Now, researchers at the University of Pittsburgh have demonstrated such a biomimetic response using hydrogels -- a material that constitutes most contact lenses and microfluidic or fluid-controlled technologies. Their study, published in Advanced Functional Materials, is the first to show that these gels can be both reconfigured and controlled by light, undergoing self-sustained motion -- a uniquely biomimetic behavior.
"Imagine an apartment with a particular arrangement of rooms all in one location," said lead author Anna Balazs, Pitt Distinguished Professor of Chemical and Petroleum Engineering in the Swanson School of Engineering. "Now, consider the possibility of being able to shine a particular configuration of lights on this structure and thereby completely changing not only the entire layout, but also the location of the apartment. This is what we've demonstrated with hydrogels."
Together with Olga Kuksenok, research associate professor in the Swanson School, Balazs experimented with a newer type of hydrogel containing spirobenzopyran molecules. Such materials had been previously shown to form distinct 2-D patterns on initially flat surfaces when introduced to varying displays of light and are hydrophilic ("liking" water) in the dark but become hydrophobic ("disliking" water) under blue light illumination. Therefore, Balazs and Kuksenok anticipated that light could be a useful stimulus for tailoring the gel's shape.
Using computer modeling, the Pitt team demonstrated that the gels "ran away" when exposed to the light, exhibiting direct, sustained motion. The team also factored in heat -- combining the light and local variations in temperature to further control the samples' motions. Controlling a material with light and temperature could be applicable, Balazs said, in terms of regulating the movement of a microscopic "conveyor belt" or "elevator" in a microfluidic device.

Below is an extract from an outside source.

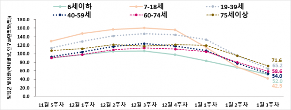 최근 8주간(’22.11.27.~1.21.) 연령군별 주간 일평균 발생률(인구10만명당) 추이
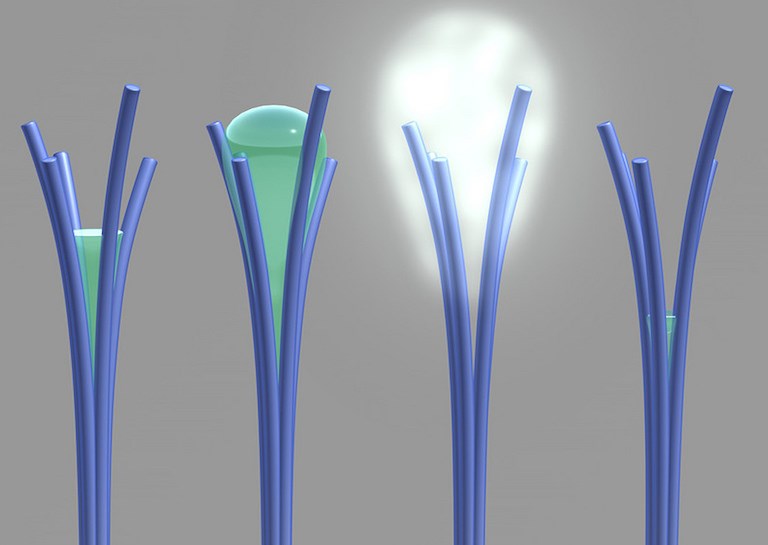 پژوهشگران مؤسسه فناوری کالیفرنیا روشی ساده و ارزان برای ساخت رباتهای بسیار ریز به شکل حباب ابداع کردهاند. این حبابها از پروتئین طبیعی ساخته میشوند و با کمک آنزیمهایی که روی سطحشان قرار دارد، از مواد موجود در بدن (مانند اوره) به عنوان سوخت استفاده میکنند و به جلو حرکت میکنند. دو نوع از این رباتها ساخته شده: یکی با کمک میدان مغناطیسی هدایت میشود و دیگری بهطور خودکار به سوی تومورها میرود، زیرا تومورها مادهای (پراکسید هیدروژن) تولید میکنند که این رباتها به آن جذب میشوند.

"This theoretical modeling points toward a new way of configuring the gels into any shape, while simultaneously driving the gels to move due to the presence of light," said Kuksenok.
"Consider, for example, that you could take one sheet of hydrogel and, with the appropriate use of light, fashion it into a lens-shaped object, which could be used in optical applications," added Balazs.
The team also demonstrated that the gels could undergo dynamic reconfiguration, meaning that, with a different combination of lights, the gel could be used for another purpose. Reconfigurable systems are particularly useful because they are reusable, leading to a significant reduction in cost.
"You don't need to construct a new device for every new application," said Balazs. "By swiping light over the system in different directions, you can further control the movements of a system, further regulating the flow of materials."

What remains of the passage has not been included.